That will be good. More inline below.

> 
> On Thu, Oct 19, 2017 at 12:30 AM, Parav Pandit <parav@mellanox.com> wrote:
> > Hi Devesh, Selvin, Somnath,
> >
> >> -----Original Message-----
> >> From: linux-rdma-owner@vger.kernel.org [mailto:linux-rdma-
> >> owner@vger.kernel.org] On Behalf Of Jason Gunthorpe
> >> Sent: Monday, January 30, 2017 1:54 PM
> >> To: Roland Dreier <roland@purestorage.com>
> >> Cc: linux-rdma@vger.kernel.org; Matan Barak <matanb@mellanox.com>
> >> Subject: Re: Need to set if_index in ib_init_ah_from_wc() ?
> >>
> >> On Sun, Jan 29, 2017 at 05:21:43PM -0800, Roland Dreier wrote:
> >> > I recently debugged an issue where an RDMA-CM / RoCE connection to
> >> > a link-local IPv6 address takes 1 second to establish.  The delay
> >> > comes when the passive side cm_req_handler() calls
> >> > cm_init_av_for_response(), which calls ib_init_ah_from_wc().
> >> >
> >> > That calls into rdma_addr_find_l2_eth_by_grh() with the link-local
> >> > address, but with 0 passed in through the if_index parameter.  So
> >> >
> >> > The fix seems as simple as adding
> >> >
> >> >     if_index = idev->ifindex;
> >> >
> >> > to ib_init_ah_from_wc() before the call to
> >> > rdma_addr_find_l2_eth_by_grh() - this can't fail, since we return
> >> > an error if finding idev fails.
> >>
> >> Hum, it is certainly a big conceptual mistake to not anchor a route
> >> lookup in a netdev at this point.
> >>
> >> Both roceev1 and v2 need to use the netdev that was used to create
> >> the UD QP to anchor these lookups, that netdev should be a child of
> >> some kind from the get_netdev (eg a vlan, or macvlan, etc)
> >>
> >> This is necessary to make namespaces and other subtle things work properly.
> >>
> >> So, right idea, wrong netdev.
> >>
> >> > However, I'm not sure if it's quite that simple - how does this
> >> > interact with RoCEv2, or other addressing like IPv4 or
> >> > non-link-local IPv6? I'm not sure I understand what the cases where
> >> > resolved_dev will be != idev, or if passing in idev->ifindex will break this.
> >>
> >> I think this brokenness fell out of the above confusion, it should be
> >> removed, rdma_addr_find_dmac_by_grh should not be callable without a
> proper netdev.
> >>
> >> The != case can happen if the gid table resolve differently than the
> >> route table, but it is conceptually wrong to lookup in the gid table
> >> before doing a route lookup, and I think these apis are poorly designed to
> enforce that requirement.
> >>
> >> Jason
> >
> > I have fixed this issue where rdma_addr_find_l2_eth_by_grh() accepts netdev
> of the GID.
> > Derivation of GID is based on vlan, and DGID of the incoming GRH,
> network_type fields.
> > Finding out the right GID depends above fields from the cached gid table.
> >
> > Before I post the patch,
> > We found that bnx_re driver doesn't set IB_WC_WITH_VLAN in the QP1 wc.

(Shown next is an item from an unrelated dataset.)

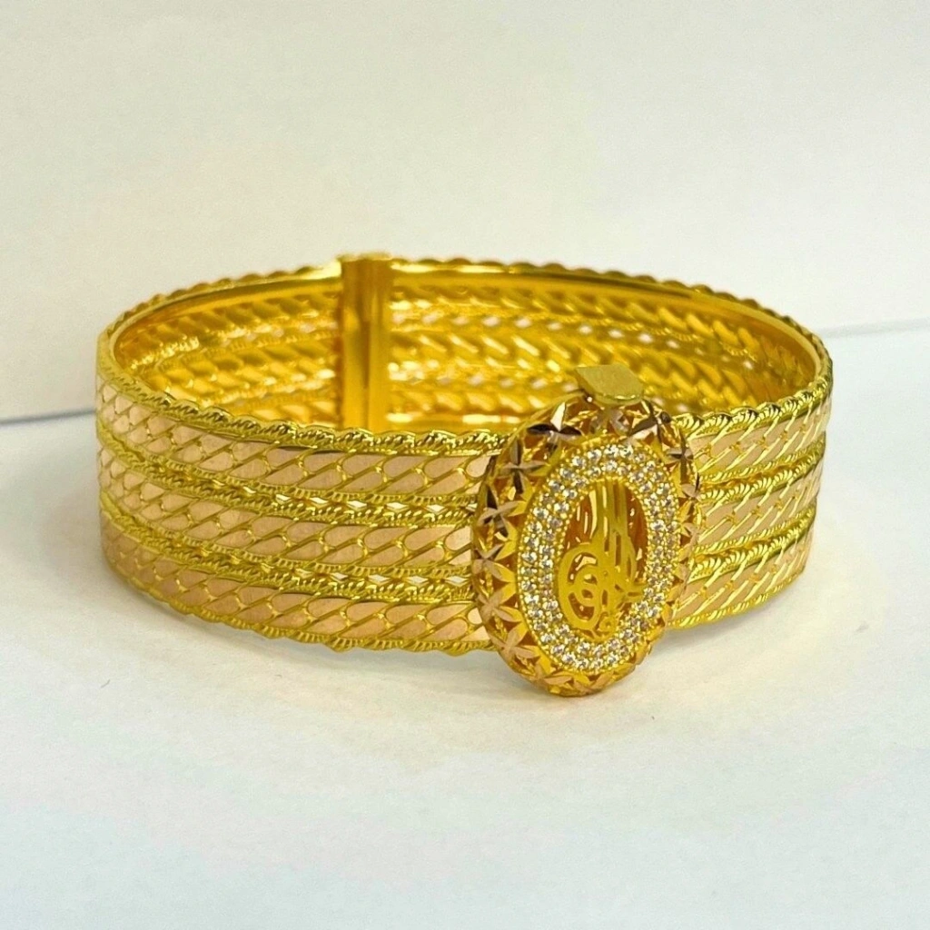 Bu 8 ayar sarı altın 3 sıra burmalı kelepçe, modern ve şık bir tasarıma sahiptir. Burmalı detaylarıyla zarif bir görünüm sunarak, her türlü kıyafetle uyum sağlar.

> > Fail to set vlan id and IB_WC_WITH_VLAN flag when incoming QP1 packet in
> vlan, will fail to search the right GID.
> 
> I am under impression that IB_WC_WITH_VLAN flags was supposed to be set
> only if any vendor's WC reports VLAN-ID, otherwise it had to be derived from
> somewhere else. Are we moving away from this notion?

Yes. That is correct. Its optional. However vlan defines L2 segments.

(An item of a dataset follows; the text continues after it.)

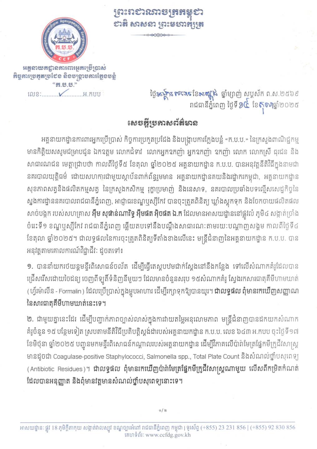 ក.ប.ប បានឱ្យដឹងថា ក្រោយការចុះពិនិត្យរបស់មន្ត្រីជំនាញ កាលពីថ្ងៃទី៥ ខែតុលា ឆ្នាំ២០២៥ ដែលបានចុះពិនិត្យ ឃ្លាំងស្តុកទុក និងចែកចាយផលិតផលសាច់បង្កក របស់សហគ្រាស អុឹម សុផាន់ណារិទ្ធ អុឹមផត អុិចផត ឯ.ក ជាលទ្ធផលឃើញថា ពុំមានរកឃើញសញ្ញាណនៃសារធាតុគីមីហាមឃាត់ទេ ហើយក៏ពុំមានរកឃើញប៉ារ៉ាម៉ែត្រផ្នែកមីក្រូជីវសាស្ត្រណាមួយ លើសពីកម្រិតកំណត់ដែលបានអនុញ្ញាត និងពុំមានសំណល់ថ្នាំបសុពេទ្យនោះទេ។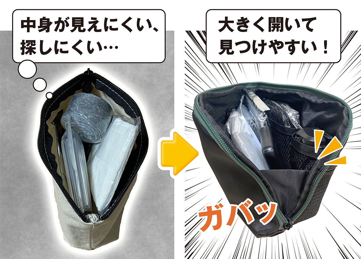 必要な物が『見つけやすい・取り出しやすい・持ち運びしやすい』ポーチで設計。

Two L2 segments can have same IP address and therefore GIDs. So Ignoring vlan is not good because ib_find_gid_index and friend functions won't be able to resolve them, which performs vlan + SGID exact lookup.
As discussed in past thread, we like to find the matching SGID first based on GRH + available L2 field such as vlan, and refer to the ndev of the SGID.
So my upcoming patch brings such fundamental fix that resolves IPv6 link local issue and few other similar cases.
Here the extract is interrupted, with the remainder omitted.